*** Block opens ***
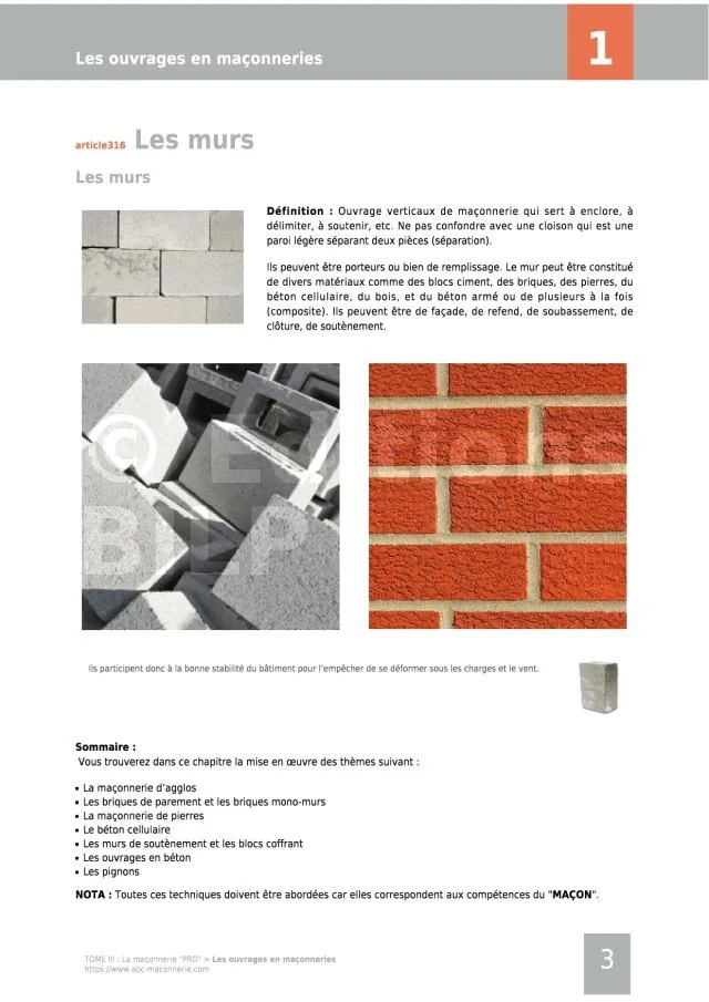 - Leçon 2 : La maçonnerie de blocs de ciment
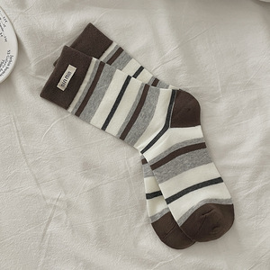 袜子女秋季中筒袜2025新款爆款超火女款网红款春秋条纹外穿潮长袜
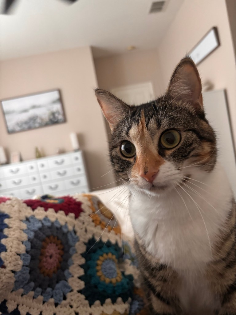 This week I learned that my sweet napping buddy, Beans, may have alternative motives to nap times. I woke to find her intently looking at me, as if waiting on something that I just could not understand. I rose and went after a drink and when I came back around to the room, I found her all cozy in my favorite afghan. So now I wonder, is it me she likes to nap with or is she really just there for the cozy blankets and she secretly wants me out of the way? I also think she may just be looking for photo ops??
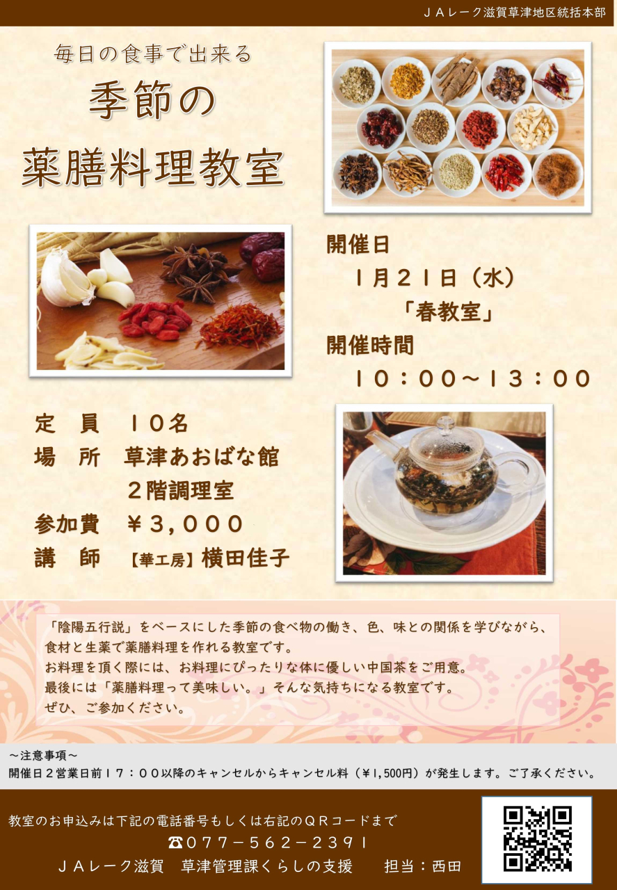【草津地区】参加者募集!! 季節の薬膳料理教室/1月21日(水)
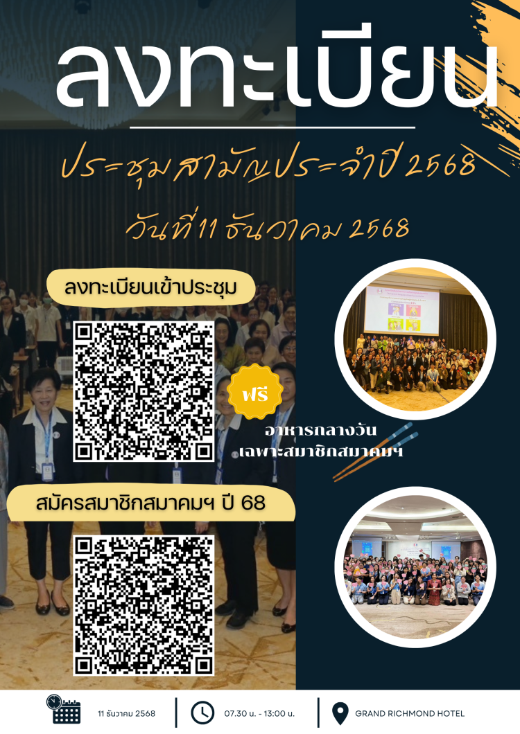 ดาวน์โหลดเอกสารเชิญประชุมวิชาการ ได้ที่ > เอกสารเชิญประชุมวิชาการและประชุมใหญ่สามัญประจำปี 2568
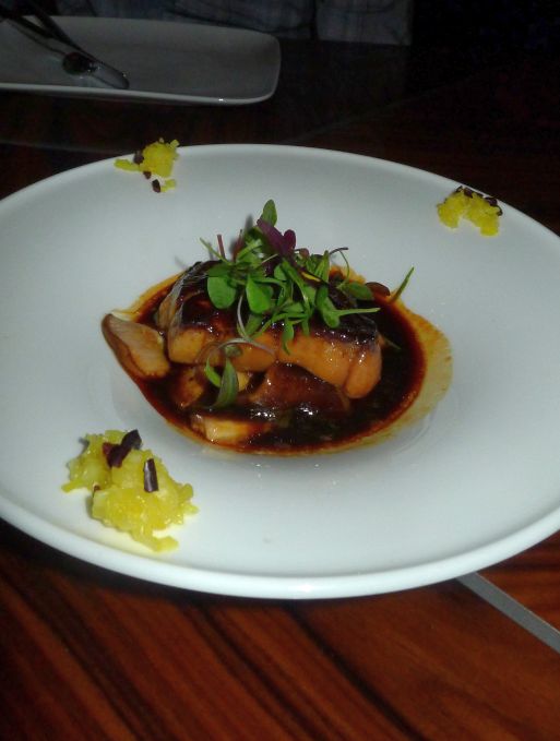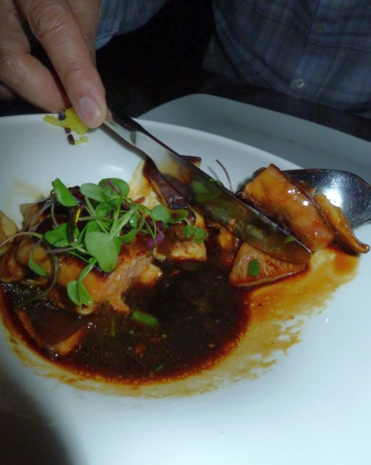 with pickled shiitake, pineapple, cocoa nib, with a port wine-ginger reduction.
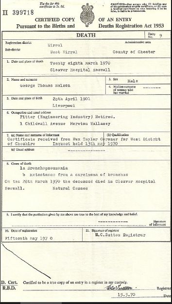 George died on 28th March 1970
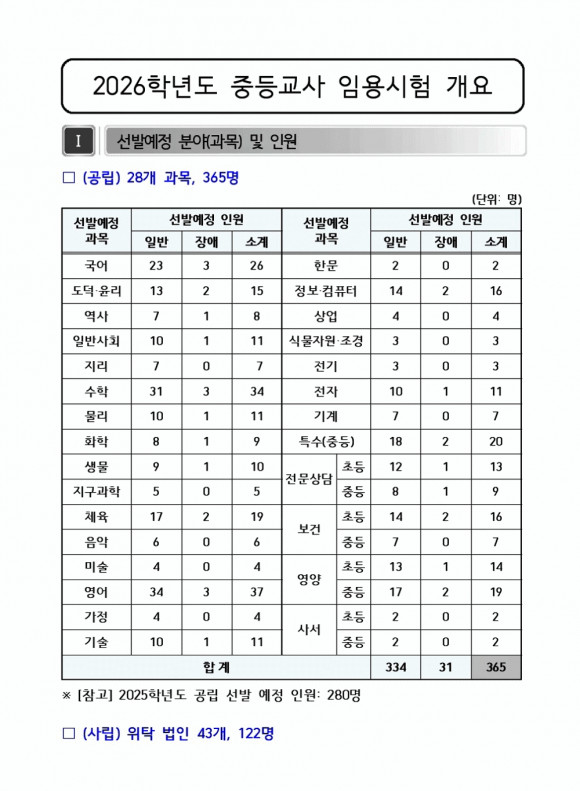 올해 채용 규모는 총 487명으로, 공립 365명과 사립 122명을 선발한다. 공립은 중등교사, 특수(중등)․전문상담․영양․보건․사서교사 등 28개 과목 365명(장애인 구분모집 31명 포함)으로, 전년도(280명)보다 85명 늘었다. 사립은 43개 법인에서 위탁한 22개 과목 122명을 모집한다.
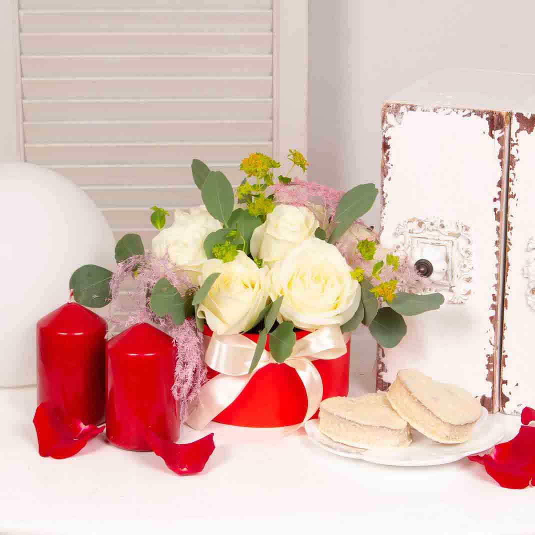 Acest cadou contine o cutie rosie cu 7 trandafiri albi, prajituri cu ciocolata alba si fulgi de cocos Adore, lumanari rosii.
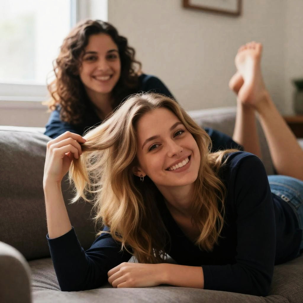 Photograph of two women on a couch. Woman in foreground with blonde hair, dark long-sleeve shirt, smiling, holding hair. Woman in background with curly brown hair, smiling, legs raised, wearing dark shirt. Soft sunlight from window. Casual, relaxed setting.
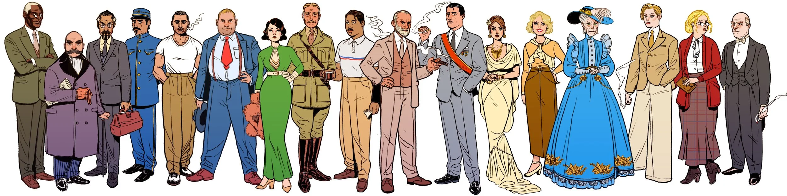 Agatha Christie’s classic murder mystery has an eclectic cast of characters, from working-class laborers and manservants to European royalty and nouveau riche. In designing these characters, including the iconic detective Hercule Poirot, I was in charge of bringing them to life in the pages and panels of the graphic novel.
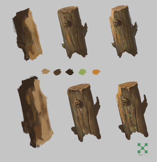 木头表面有非常细长且粗糙的纹理,呈现不规则的条纹,具有“无规律”的特性 ,在树木纹理突出的位置,一般都会有不太明显的受光区域,会沿着纹理一道前进,而这些凹凸的纹理特征,使受光和闭塞非常多,所以刻画的时候抓住主要的纹理区域刻画即可,其他的面零碎带过,形成主次对比,规避因为零碎导致“花”的现象,而木由植物纤维组成,而有一定的韧性,但易切割,切面有年轮的纹理,在光线照射下呈漫反射
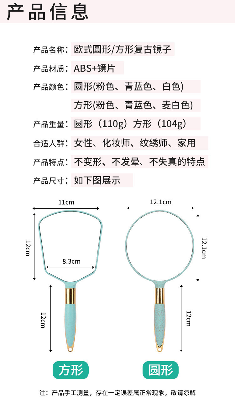 메이크업 거울 문신 특수 휴대용 손잡이 거울 손 드레싱 휴대용 작은 거울 미용실 용품
*** Block closes ***
About this task - Within the entries above, the lines from the one containing "with pickled shiitake, pineapple, cocoa" through the one containing "올해 채용 규모는 총" are to be transcribed exactly, ends included, pictures excluded.

Answer below -
 with pickled shiitake, pineapple, cocoa nib, with a port wine-ginger reduction.
 George died on 28th March 1970
 올해 채용 규모는 총 487명으로, 공립 365명과 사립 122명을 선발한다. 공립은 중등교사, 특수(중등)․전문상담․영양․보건․사서교사 등 28개 과목 365명(장애인 구분모집 31명 포함)으로, 전년도(280명)보다 85명 늘었다. 사립은 43개 법인에서 위탁한 22개 과목 122명을 모집한다.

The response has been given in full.